*Your task:* Transcribe everything in the listing below exactly, except the pictures.

--- START ---

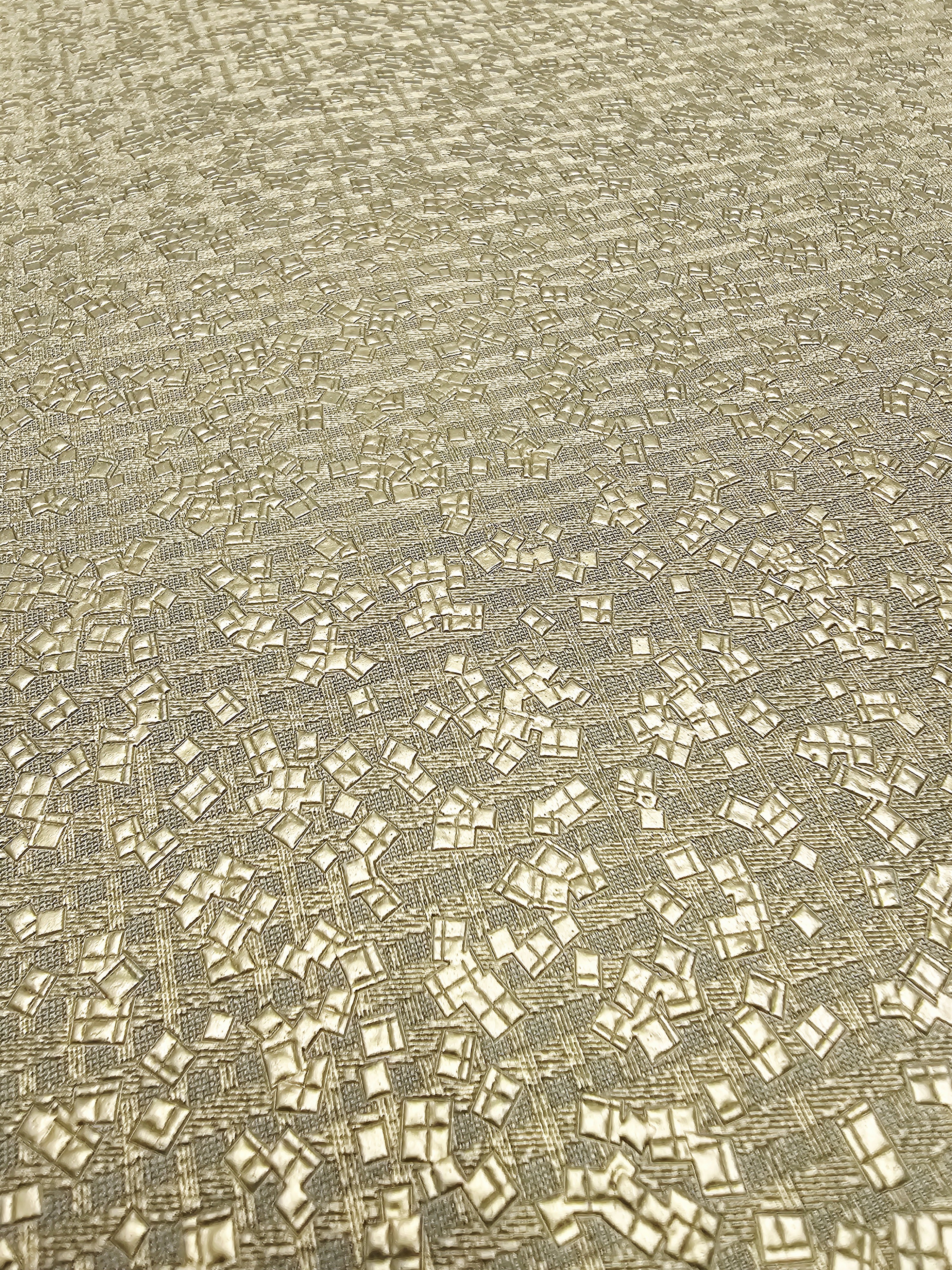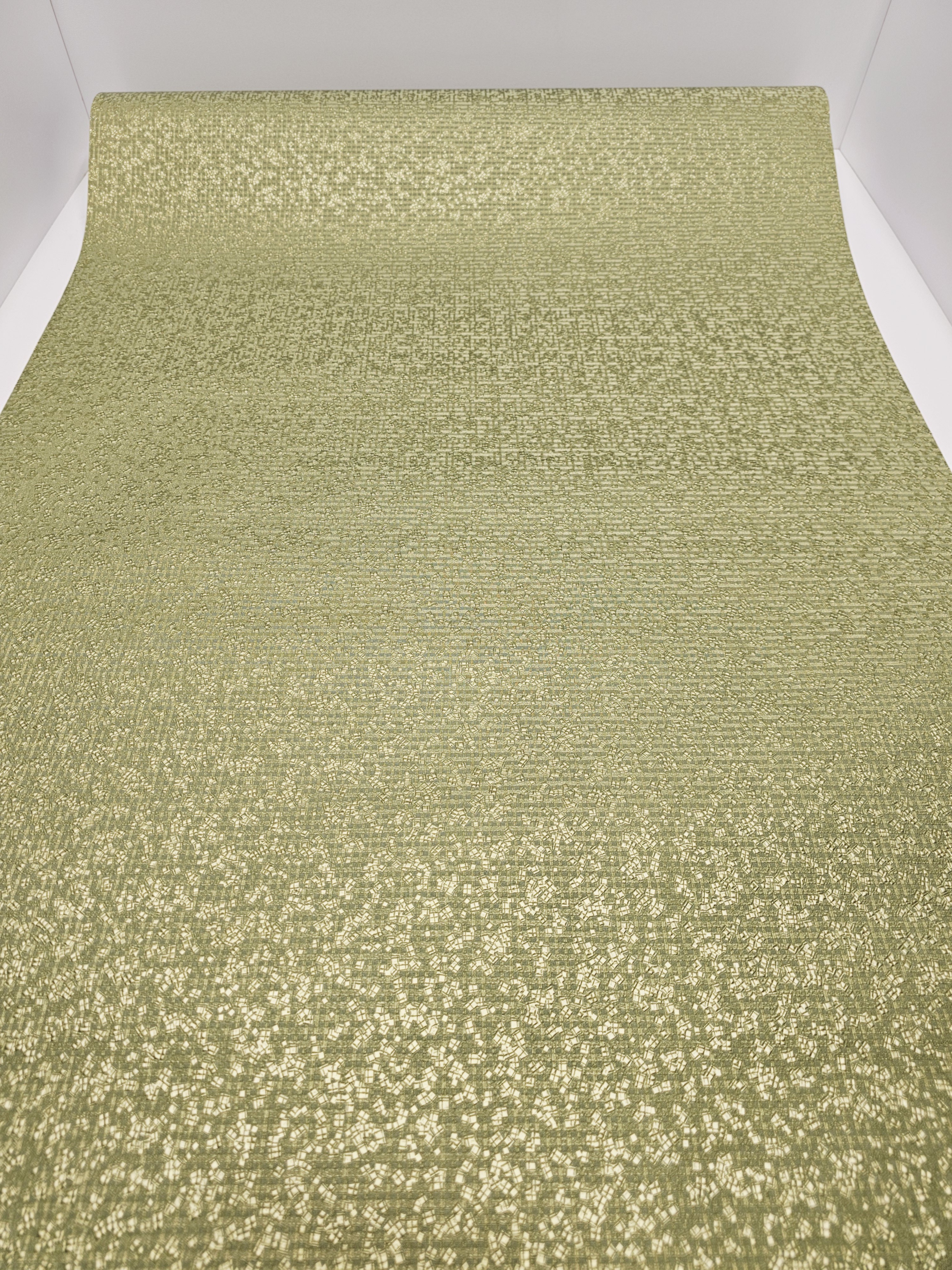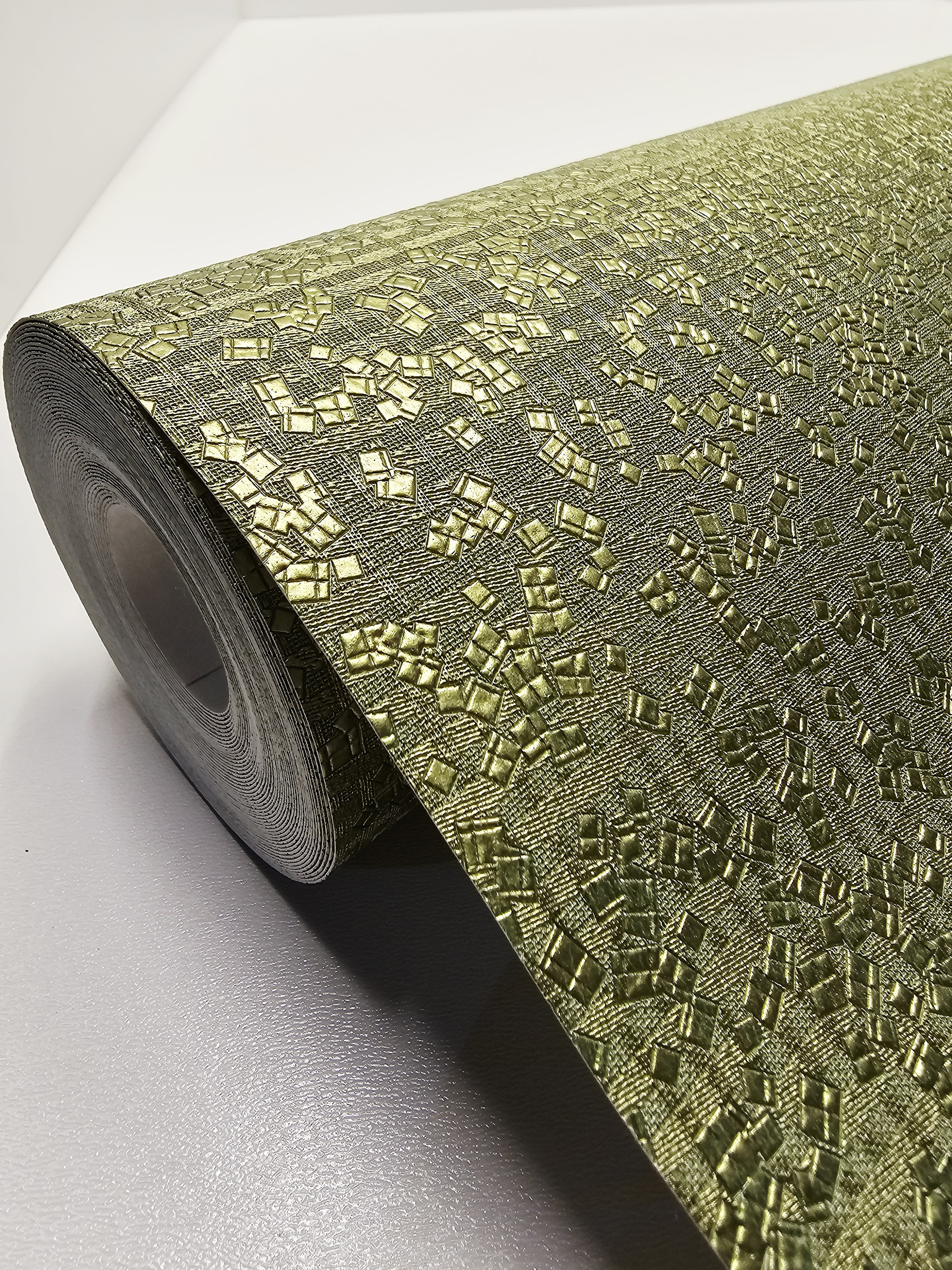 Ta wyjątkowa tapeta ścienna przyciąga wzrok nietuzinkowym wzorem i eleganckim, metalicznym wykończeniem. Głównym motywem są nieregularne geometryczne kształty przypominające mozaikę lub kostki, które układają się w artystyczny, dynamiczny układ na powierzchni. Dominującym kolorem jest oliwkowa zieleń z połyskiem w złotym tonie, który zmienia się w zależności od kąta padania światła, nadając całości luksusowego charakteru.
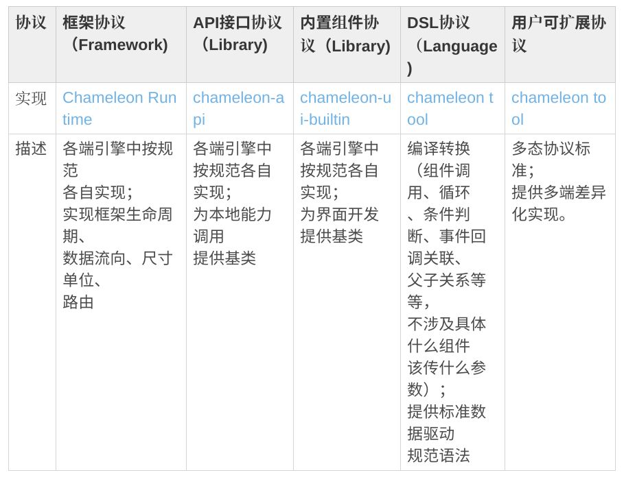 单独说到 Chameleon 与 Taro 的区别,总体上看,可以归为这样一个表:
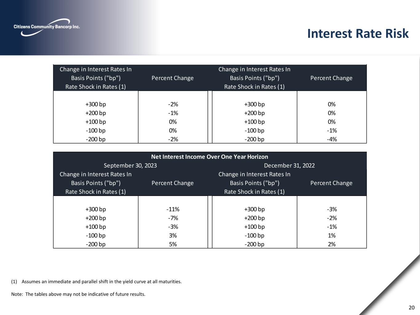 Interest Rate Risk 20 (1) Assumes an immediate and parallel shift in the yield curve at all maturities. Note: The tables above may not be indicative of future results. Change in Interest Rates In Basis Points ("bp") Rate Shock in Rates (1) Percent Change Change in Interest Rates In Basis Points ("bp") Rate Shock in Rates (1) Percent Change +300 bp -2% +300 bp 0% +200 bp -1% +200 bp 0% +100 bp 0% +100 bp 0% -100 bp 0% -100 bp -1% -200 bp -2% -200 bp -4% Change in Interest Rates In Basis Points ("bp") Rate Shock in Rates (1) Percent Change Change in Interest Rates In Basis Points ("bp") Rate Shock in Rates (1) Percent Change +300 bp -11% +300 bp -3% +200 bp -7% +200 bp -2% +100 bp -3% +100 bp -1% -100 bp 3% -100 bp 1% -200 bp 5% -200 bp 2% December 31, 2022September 30, 2023 Net Interest Income Over One Year Horizon
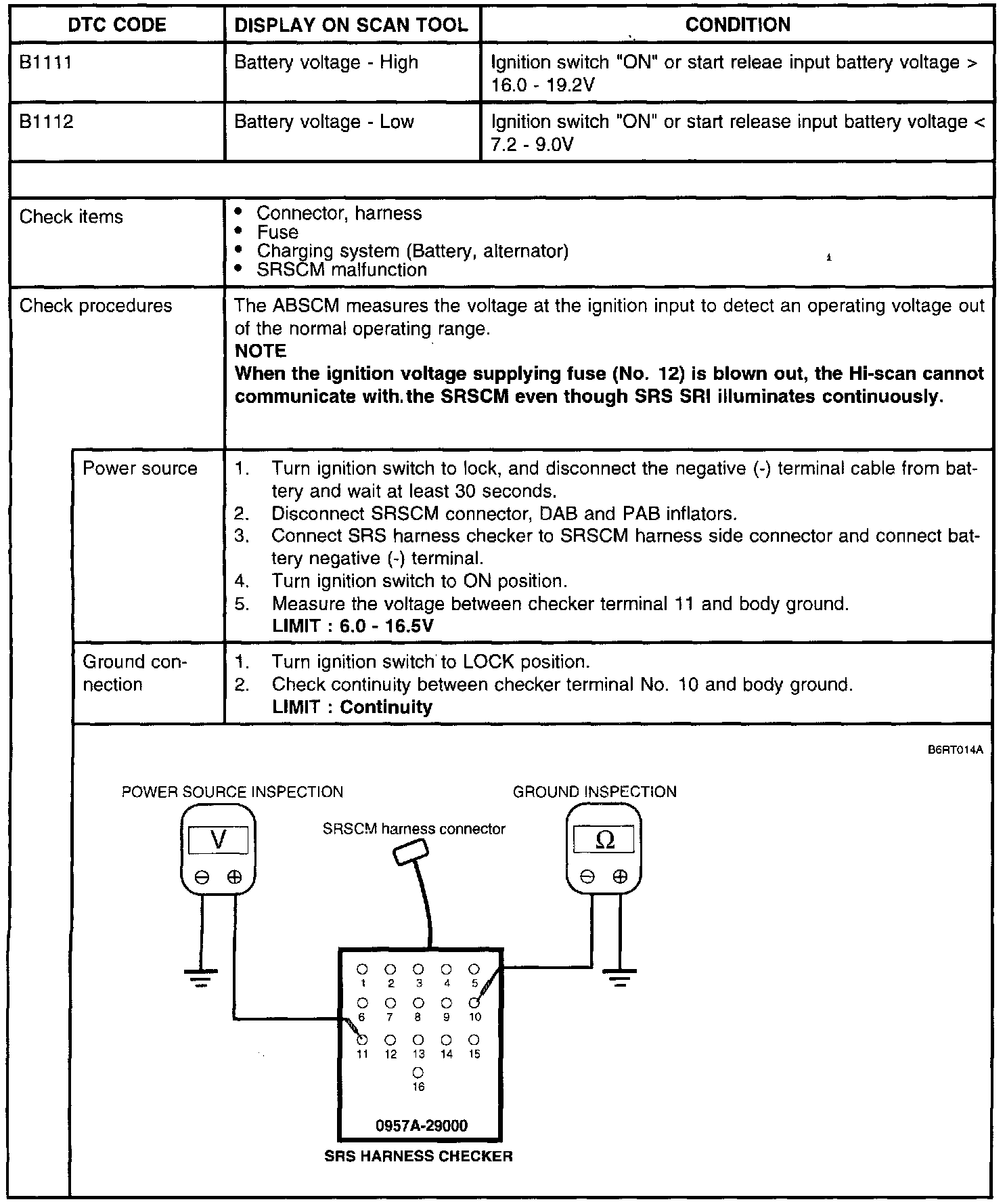 DTC B1111 and B1112:
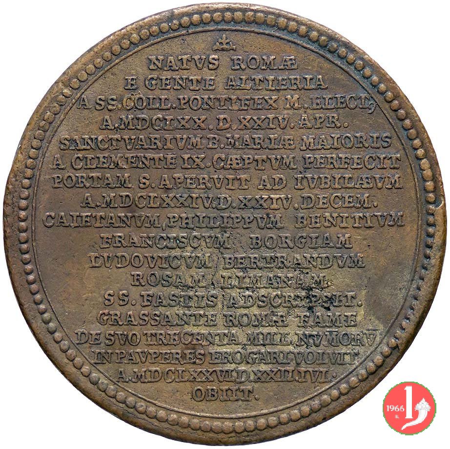 Numismatica → Medaglistica → Medaglie Papali → anni 1605-1800 → 239-Clemente X 1670-1676 → postume| Immagini | Descrizione |
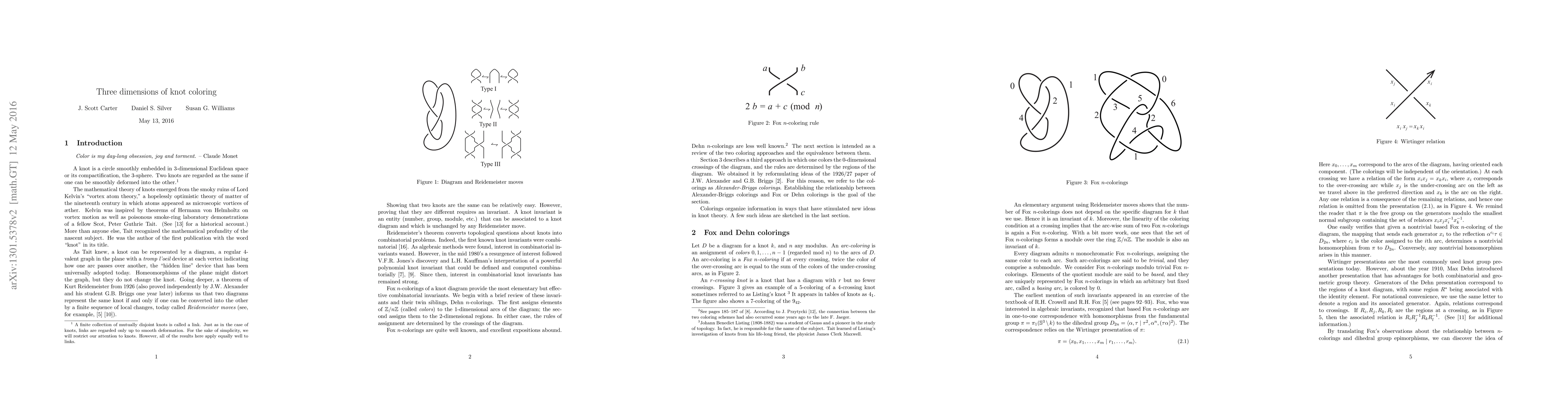 This survey article discusses three aspects of knot colorings. Fox colorings are assignments of labels to arcs, Dehn colorings are assignments of labels to regions, and Alexander-Briggs colorings assign labels to vertices. The labels are found among the integers modulo n. The choice of n depends upon the knot. Each type of coloring rules has an associated rule that must hold at each crossing. For the Alexander Briggs colorings, the rules hold around regions. The relationships among the colorings is explained.
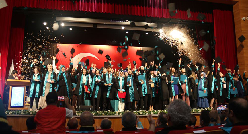 Öğrenciler mezuniyetlerini keplerini havaya fırlatarak kutladı.
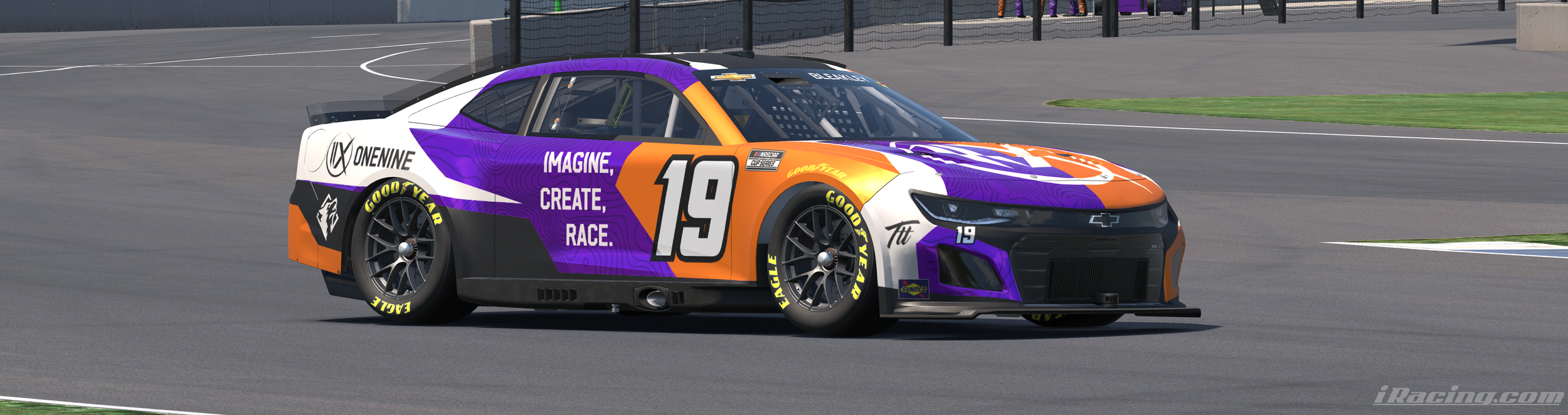 Presenting our new team livery moving forward start at this coming weekends iRacing Brickyard 400. The purple and orange has stayed but with a bit more style.

--- END ---

*Task answer:*
 Ta wyjątkowa tapeta ścienna przyciąga wzrok nietuzinkowym wzorem i eleganckim, metalicznym wykończeniem. Głównym motywem są nieregularne geometryczne kształty przypominające mozaikę lub kostki, które układają się w artystyczny, dynamiczny układ na powierzchni. Dominującym kolorem jest oliwkowa zieleń z połyskiem w złotym tonie, który zmienia się w zależności od kąta padania światła, nadając całości luksusowego charakteru.
 单独说到 Chameleon 与 Taro 的区别,总体上看,可以归为这样一个表:
 Interest Rate Risk 20 (1) Assumes an immediate and parallel shift in the yield curve at all maturities. Note: The tables above may not be indicative of future results. Change in Interest Rates In Basis Points ("bp") Rate Shock in Rates (1) Percent Change Change in Interest Rates In Basis Points ("bp") Rate Shock in Rates (1) Percent Change +300 bp -2% +300 bp 0% +200 bp -1% +200 bp 0% +100 bp 0% +100 bp 0% -100 bp 0% -100 bp -1% -200 bp -2% -200 bp -4% Change in Interest Rates In Basis Points ("bp") Rate Shock in Rates (1) Percent Change Change in Interest Rates In Basis Points ("bp") Rate Shock in Rates (1) Percent Change +300 bp -11% +300 bp -3% +200 bp -7% +200 bp -2% +100 bp -3% +100 bp -1% -100 bp 3% -100 bp 1% -200 bp 5% -200 bp 2% December 31, 2022September 30, 2023 Net Interest Income Over One Year Horizon
 DTC B1111 and B1112:
 Numismatica → Medaglistica → Medaglie Papali → anni 1605-1800 → 239-Clemente X 1670-1676 → postume| Immagini | Descrizione |
 This survey article discusses three aspects of knot colorings. Fox colorings are assignments of labels to arcs, Dehn colorings are assignments of labels to regions, and Alexander-Briggs colorings assign labels to vertices. The labels are found among the integers modulo n. The choice of n depends upon the knot. Each type of coloring rules has an associated rule that must hold at each crossing. For the Alexander Briggs colorings, the rules hold around regions. The relationships among the colorings is explained.
 Öğrenciler mezuniyetlerini keplerini havaya fırlatarak kutladı.
 Presenting our new team livery moving forward start at this coming weekends iRacing Brickyard 400. The purple and orange has stayed but with a bit more style.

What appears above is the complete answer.